A Friday night youth church gathering was supposed to be like any other for me. Instead, on this night in 2024, it ended with me collapsing in a bathroom and waking up in a hospital bed at Netcare Blaauwberg Hospital, confused.
What the doctors found was the last thing I expected: hypertension.
But I was only 24. I’ve always thought high blood pressure was something that older people get.
Doctors initially said it was a drop in my blood pressure (BP) that caused me to pass out. But later checks told a different story. I vividly remember the doctor’s words to a family member.
“She can’t walk around with that kind of blood pressure. It could lead to a stroke.”
The doctor gave me amlodipine, medication to help regulate it, and I was discharged with a referral letter to New Somerset Hospital to see a specialist.
At Somerset, my BP readings were 147/91. According to the World Health Organisation 140/90 mmHg is the threshold for high blood pressure. Staff repeated the test checks multiple times, thinking the machine might be faulty. They were surprised that someone my age, with a petite size, had numbers that high.
It turns out my body had been giving me small warnings that started around July 2023. There were random fast heartbeats before bed, extreme fatigue and nausea after simple physical activities and dizziness that I couldn’t quite explain. At general check-ups, my BP would be 150/90, the normal range is 120/80. But I was told it could be stress, low iron, or even my diet.

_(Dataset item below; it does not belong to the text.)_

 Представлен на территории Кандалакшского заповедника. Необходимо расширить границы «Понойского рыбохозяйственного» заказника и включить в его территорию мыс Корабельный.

On Monday 18 November 2024, I was officially diagnosed with hypertension.
A guide to blood pressure reading (Heart & Stroke Foundation South Africa)

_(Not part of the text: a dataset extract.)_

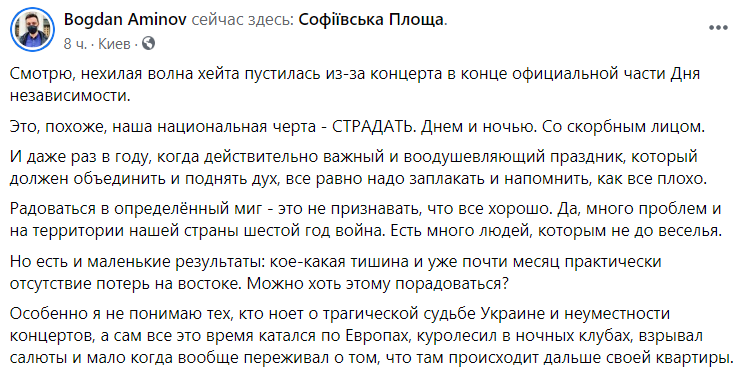 "Знаю, что многим не понравится мой комментарий, но я выступаю именно за такой современный формат празднования Дня независимости. Большой музыкальный номер из попурри украинских песен попал в самое сердце, ведь он показывает ценности, которые объединяют страну. Он играет на эмоциях миллионов к своей Родине и очень далек от традиционной политики с пафосными речами на трибуне и ненасытным грабежом за кулисами.

While the exact number of young people with hypertension are unknown, national estimates show that between 2000-2010, the number of 15-24 year olds living with hypertension doubled.
I spoke to cardiovascular disease researcher Professor Lebo Gafane-Matemane from North West University’s Hypertension in Africa Research Team (HART) to get a better understanding of why more young people like me are being diagnosed with high blood pressure.

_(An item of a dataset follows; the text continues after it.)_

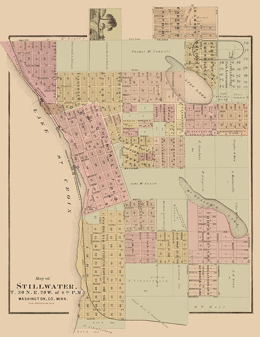 Stillwater Minnesota Landowner - Andreas 1874 White Modern Wood Framed Art Print with Double Matting by Andreas

“There are very limited studies when it comes to the detection of childhood and young adult hypertension in South Africa, on the African continent and many other places in the world. So the numbers actually might be an underestimation of the actual problem,” she explains.
Deeper than lifestyle choices
Conventional wisdom tells us that high blood pressure is associated with being overweight or obese, caused by living an unhealthy lifestyle, including eating highly processed food and physical inactivity.
But one of the lessons I’m learning is that it’s more complex than that.
Gafane-Matemane explains that this shift is not only being driven by diet or weight-related factors, but by a much wider mix of social and environmental pressures affecting young people’s daily lives.
“We must look at things like household income, because that’s what will most likely affect the kind of food that people are able to afford. Are they healthy foods? Are they those that are easily accessible, although they might not be healthy?”
In addition to low socioeconomic status, Gafane-Matemane says that where people live or grow up, can also contribute to a hypertension risk.
“As a child, it can contribute to chronic stress.”
Exposure to adverse childhood experiences, including abuse, neglect, household dysfunction and living in high-crime areas, can lead to chronic stress, putting children at risk of higher blood pressure levels, which can continue into adulthood.
Fewer exercise opportunities and exposure to environmental hazards, such as air and noise pollution, are also contributing factors.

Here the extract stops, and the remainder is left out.